В центр веры и в центр истории голгофцы ставили Крест Христов, но не для поклонения Христову страданию и не для смирения со страданием в земной жизни, а для того, чтобы, уподобляясь Христу, принять «на свою совесть все зло, в котором лежит мир, ответственность за все, что жизнь разлагает, пятнает проказой»5 и с сознанием этой вины и ответственности включиться в работу Господню, в дело преображения земли в Царствие Божие. Они призывали не просто понять, но ощутить всем сердцем, что «всякое страдание – и мое, и чужое – всегда результат разложения жизни, порчи в ней, искажение воли Божией о земле», и перестать оправдывать неправду жизни фарисейской присказкой: «все от Бога»6. Проблему теодицеи голгофцы решали утверждением активности человека в деле искупления и спасения мира и, отвечая на вопрос, почему не совершается обещанное Спасителем обновление жизни, полагали исполнение этого обетования результатом не односторонне Божественной, но богочеловеческой работы в истории:
«Да, Он обещал. Он молился и надеялся, что мир станет землей праведной. Но обещал, если около Него, Христа, будут христиане, не один Христос, а возрожденное человечество, сплотившееся во единой мысли о постройке на земле “Дома Божия”, объединенное, слившееся в живое Тело Христово.
Это человечество, живущее во Христе, и должно быть Тем Чудотворцем, Который воскресит мир, снимет со креста распятую жизнь, исцелит прокаженный мир»7.
Апология личного спасения, оборачивающаяся отстраненностью от мира, индифферентизмом к судьбе своих собратьев по человечеству, отрицанием социальной и культурной активности, резко и убежденно отвергалась голгофцами. Христианин, подчеркивали они, должен не бежать от мира, а входить в него с бесстрашием и чистым сердцем, преображая социальные отношения, участвуя в творчестве культуры, содействуя конечной цели христианской истории – «новой земле под новыми небесами»8.
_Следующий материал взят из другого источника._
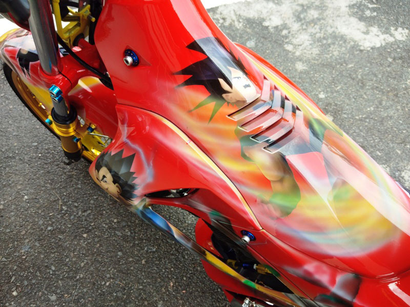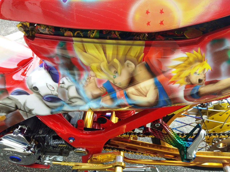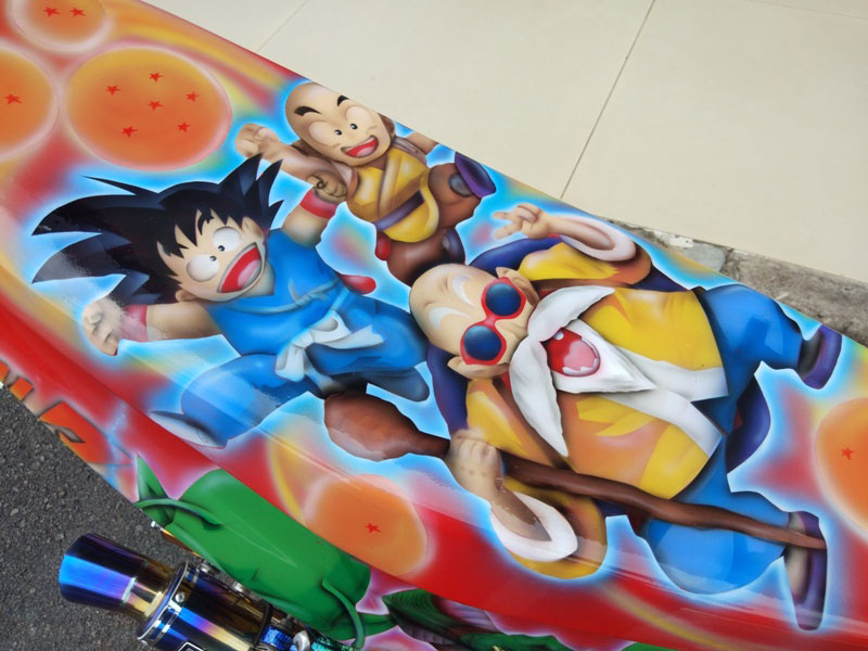 Sesuai tema Dragon Balls, banyak karakter yang ditonjolkan. Anime manga karya Akira Toriyama yang kali pertama populer tahun 1984 ini digambarkan dalam banyak sosok, mulai dari keluarga SonGoku dan Chichi, keluarga Vegeta dan Bulma, dan beberapa tokoh lain. Dan untuk memaksimalkan tema, semua part body juga ditimpa termasuk jok custom. Kali ini, giliran tiga tokoh protagonis yang ditampilkan, yakni Goku, Krillin dan master Roshi, minus rumah Kamesennin-nya.

«Новая Земля» – так называлась газета голгофских христиан, выходившая в Москве в 1910–1912 годах. Официально ее редактором значился А.П. Готфрид, издательницей – М.Я. Готфрид-Свободина, но фактическим редактором был И.П. Брихничев, за спиной которого был большой опыт издательской деятельности. Еще в Тифлисе, в свою бытность священником, он издавал газету «Встань, спящий!» (1907), а в 1908-1909 гг. в Ростове-на-Дону и Царицыне – «был издателем и сотрудником ряда “народных” газет и журналов»: «Пойдем за Ним», «К свету», «Царицынская мысль», «Царицынская жизнь», «Город и деревня», «Слушай, земля!» [15, c. 328].
Новый печатный орган, символически соединявший в своем названии образы новой земли, открытой Колумбом, и новой земли, видение которой предстает в «Откровении», был ориентирован на максимально широкого читателя, в том числе низовой, рабочей и крестьянской России. Брихничев, видевший во время церковного служения, ареста и ссылки много человеческого горя, сам сполна хлебнувший его, обращал свою проповедь ко всем, а не только к рафинированным интеллигентам, посещающим религиозно-философские общества и собрания. Он буквально по-федоровски обращался к «ученым», тянущимся к свету истины, и «неученым», чающим воцарения на земле Божьей правды. И тем и другим стремился раскрыть смысл голгофского призыва, обращенного к христианской совести человека, напоминающего Христову заповедь о любви и единстве, о необходимости видеть в каждом страждущем, голодном, убогом Христов лик и не отворачиваться от чуждого страдания, не игнорировать искаженных социальных законов, но прилагать усилия к деятельному исправлению и собственной внутренней жизни, и жизни внешней. Следуя Достоевскому, вложившему в подготовительных материалах к роману «Бесы» в уста героя такие слова: «Если б представить, что все Христы, то мог ли быть пауперизм»9, бывший священник призывал как властвующих и имущих, притесняющих неимущих, так и неимущих, но утверждающих свое право отнять у имущих имение («В борьбе обретешь ты право свое») к духовному пробуждению:
Иди вперед! Пред темной силой зла
Не преклоняй, как раб, свои колени…
<…>
Сияй, свети, доколе не приду, –
Нет выше подвига земного10.
Идейный вектор журнала задавали и двое других лидеров голгофства. Настойчиво, страстно, одушевленно они бросали в умы и сердца современников призыв к покаянию, к духовной несмиренности со злом и деятельному противодействию его силам. Императив бодрствования соединялся с резкой критикой антихристианского устроения жизни – власти, законодательства, внутренней и международной политики, омертвения Церкви, духовного оскудения культуры. Поздравляя с главными христианскими праздниками – Рождеством и Пасхой Христовой, голгофцы подчеркивали, что подлинное празднование этих великих дней – когда вочеловечилась на земле Божия Правда и была побеждена смерть – не имеет ничего общего с ритуализмом: «Ни визиты, ни гусь с капустой, ни елка никакого отношения к Рождеству Христову не имеют»11. «Нельзя верить, что Христос воистину воскрес, и жить по-старому»12. Праздновать Рождество и Пасху – значит исполнять Христовы обетования, это значит, отрицаясь греха, отринув ложные цели и ценности, сознав свое сыновство Богу, обретя подлинную Христову свободу, соединиться с другими людьми как братьями и повести «мир к окончательной победе и окончательному раскрепощению от греха и смерти»13.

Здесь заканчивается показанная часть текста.